Despite these emotions, the story is told with this sort of a screwball comedy vibe, and this tension in the production never gets resolved. On the way out of the theater, L wondered aloud how he didn’t like the movie even though it was a good movie. I think the answer is that the film makers didn’t want to go completely Altman and let it be built on character pieces, and they didn’t have the stomach to cut the good material they were working with in order to tighten it up to make it a great drama. The former is tough to do (and probably tough to sell in Hollywood), and the latter would have required cutting out some great acting and dialog. So what we are left with is something that is sort of a mush of some of the best and the worst of the likes of Twin Peaks, Fargo and Mystic River. This will go down as a movie where people remember some great scenes and amusing dialog, but will scratch their heads at some of the plot holes and other peculiarities.

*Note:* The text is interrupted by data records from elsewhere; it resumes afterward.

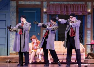As on-stage director Lloyd Dallas, Robert Mammana is especially charismatic. His determination to “keep calm and carry on” gives him an aloof, almost professorial air at first, which gradually unravels as he succumbs to the madness. Linda Muggleston continues to impress with her fearless comedy as Dotty—her timing and physicality are deeply funny. I’d see her in anything. Rhett Guter’s Garry is also brilliant. His use of what can only be described as an emotional support chapstick is one of the most unhinged and delightful choices I’ve seen on stage in years. His fall down the stairs in act three is unbelievable.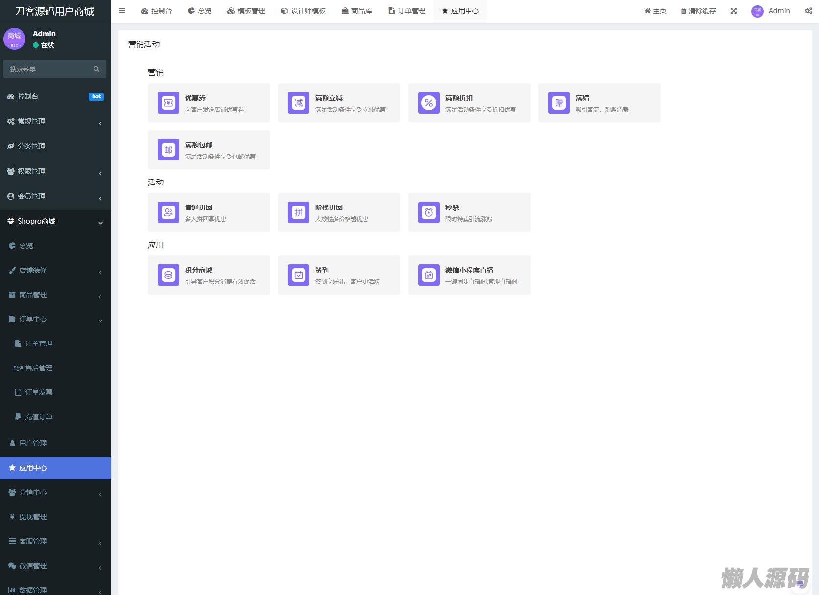 懒人源码 » Thinkphp+Uniapp开发的多端商城系统源码H5小程序APP支持DIY模板直播分销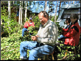 Kiteen reissun jälkeen oli vuorossa vihtatalkoot 19.6 ja lankojen värjäystä 9.7 Ponkkalan rannassa sekä rantailta Keskisen rannassa
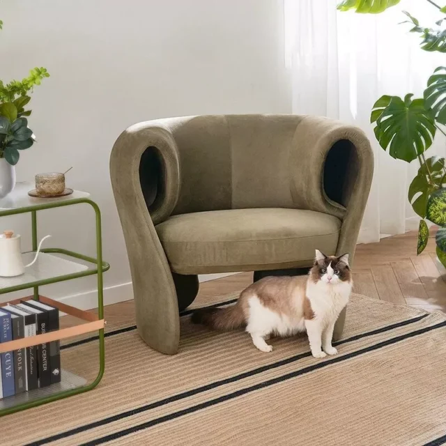 Our pet sofa stands out for its superior craftsmanship and thoughtful design. Perfect for lounging, sleeping, or simply observing their surroundings, it offers your cat a snug and secure space. The modern minimalist style is not just a treat for your pet but also an elegant addition to your home decor. Whether in the chic Laurel Green or the soft Peach Powder, it promises to be a cozy haven your pet adores.

The positives include the cast and characters, and the casting is brilliant top to bottom: Red (Caleb Landry Jones) is the semi-principled ad exec, Robbie (Lucas Hedges) is Mildred’s son who has to deal with the blowback from his mother’s antics, and Charlie (John Hawkes) is Mildred’s ex-husband, a wife beater now living with the unreasonably good looking “19-year old” Penelope (Samara Weaving). On the negative side, Penelope is caricatured as a ditz, though she works as an animal trainer and reads about horses in her spare time. Even more unfortunately, although the movie takes some stabs at race issues, the several African American characters are not developed at all. Even Chief Abercrombie (Clarke Peters), who is eventually sent in (by whom?) to replace Willoughby, is just a place holder, not a character. There is possibly a metaphor I am missing here.

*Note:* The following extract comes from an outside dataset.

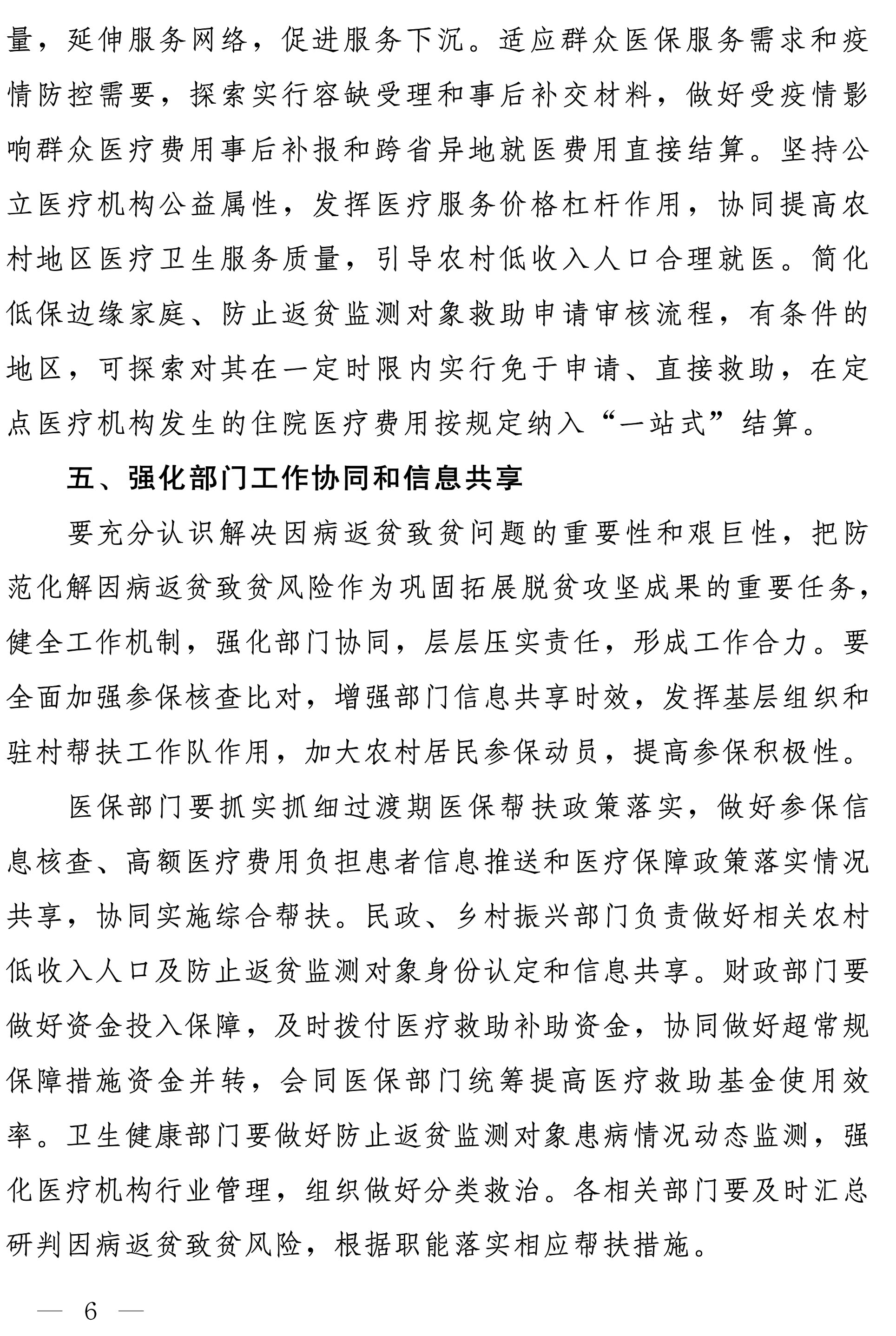 關(guān)于堅決守牢防止規(guī)模性返貧底線 健全完善防范化解因病返貧致貧長效機(jī)制的通知

Another positive is that there are some lucid scenes, including a a “date” between Mildred and the alcoholic used car salesman and midget, Peter Dinklage. The meal takes place for what passes for an upscale restaurant in Ebbing, and the ex-husband arrives with his young girlfriend about midway through. This allows Dinklage to rattle off a brief monologue that lays bare life’s prospects for the likes of these folks, and there is probably a thesis of the movie in there somewhere. We all play the hand we were dealt. Other scenes, particularly the one where Mildred dresses down the Catholic priest, aim high and miss the mark.
Finally, at the risk of introducing spoilers, during the end of the film I was reminded of one of the great and mysterious lines of the 1993 movie, Tombstone, where the Val Kilmer Doc Holliday character says of Wyatt Earp:
“Oh, make no mistake, it’s not revenge he’s after; it’s a reckoning.”
A reckoning is a resolution and an ending, but that is not really what these characters are after. And even if it were, a reckoning isn’t attainable, is it? Finding the girl’s killer might offer some clarity along some margin, but it doesn’t change much of anything else. So there will be no revenge, no resolution, no reckoning, and ultimately no justice. That’s just the way it goes in Ebbing, Missouri.
So this makes its way over the $6 bar for some compelling characters and some good scenes. But, too many question marks and not enough Woody limit its upside. So despite the gaudy critical acclaim elsewhere, this one won’t be filling space in the Best of L&D for 2017, which is coming sooner than you probably think!